◆ **Collected data**
----
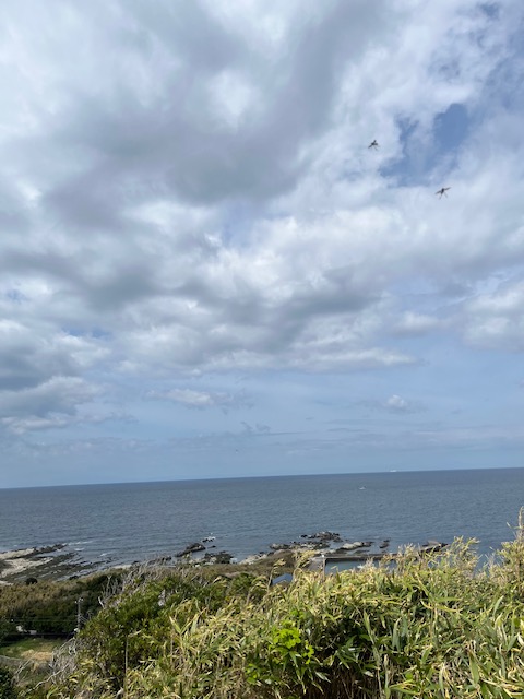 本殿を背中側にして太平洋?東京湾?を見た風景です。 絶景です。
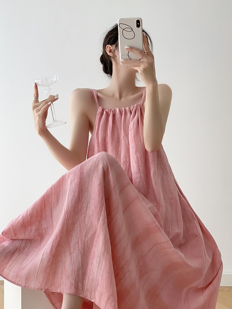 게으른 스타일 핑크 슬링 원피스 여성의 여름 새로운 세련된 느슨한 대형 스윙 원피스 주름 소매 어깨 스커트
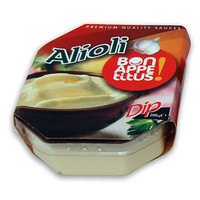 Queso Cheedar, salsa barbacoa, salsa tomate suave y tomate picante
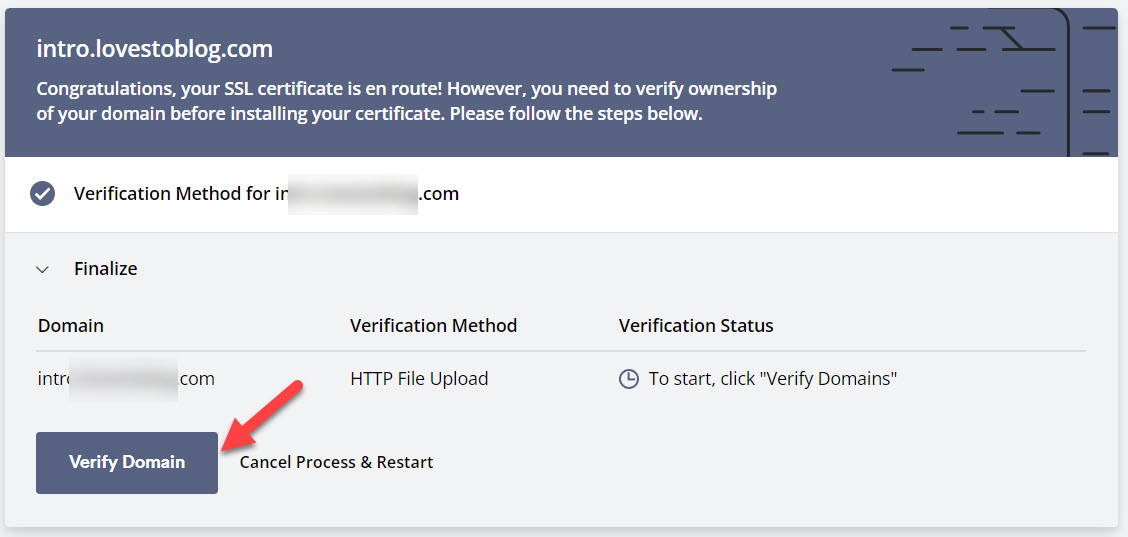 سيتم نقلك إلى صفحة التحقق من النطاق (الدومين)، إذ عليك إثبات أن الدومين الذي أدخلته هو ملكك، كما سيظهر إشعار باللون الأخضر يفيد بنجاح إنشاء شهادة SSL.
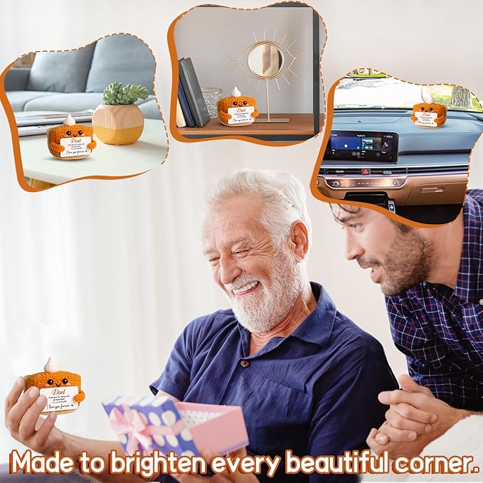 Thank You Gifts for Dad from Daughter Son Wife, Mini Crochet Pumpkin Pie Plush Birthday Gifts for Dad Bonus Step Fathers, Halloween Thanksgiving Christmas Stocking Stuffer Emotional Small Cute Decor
----
◆ **Problem description**
The result should be the same data as above, line for line, with the pictures gone.

◆ **Result of the task**
 本殿を背中側にして太平洋?東京湾?を見た風景です。 絶景です。
 게으른 스타일 핑크 슬링 원피스 여성의 여름 새로운 세련된 느슨한 대형 스윙 원피스 주름 소매 어깨 스커트
 Queso Cheedar, salsa barbacoa, salsa tomate suave y tomate picante
 سيتم نقلك إلى صفحة التحقق من النطاق (الدومين)، إذ عليك إثبات أن الدومين الذي أدخلته هو ملكك، كما سيظهر إشعار باللون الأخضر يفيد بنجاح إنشاء شهادة SSL.
 Thank You Gifts for Dad from Daughter Son Wife, Mini Crochet Pumpkin Pie Plush Birthday Gifts for Dad Bonus Step Fathers, Halloween Thanksgiving Christmas Stocking Stuffer Emotional Small Cute Decor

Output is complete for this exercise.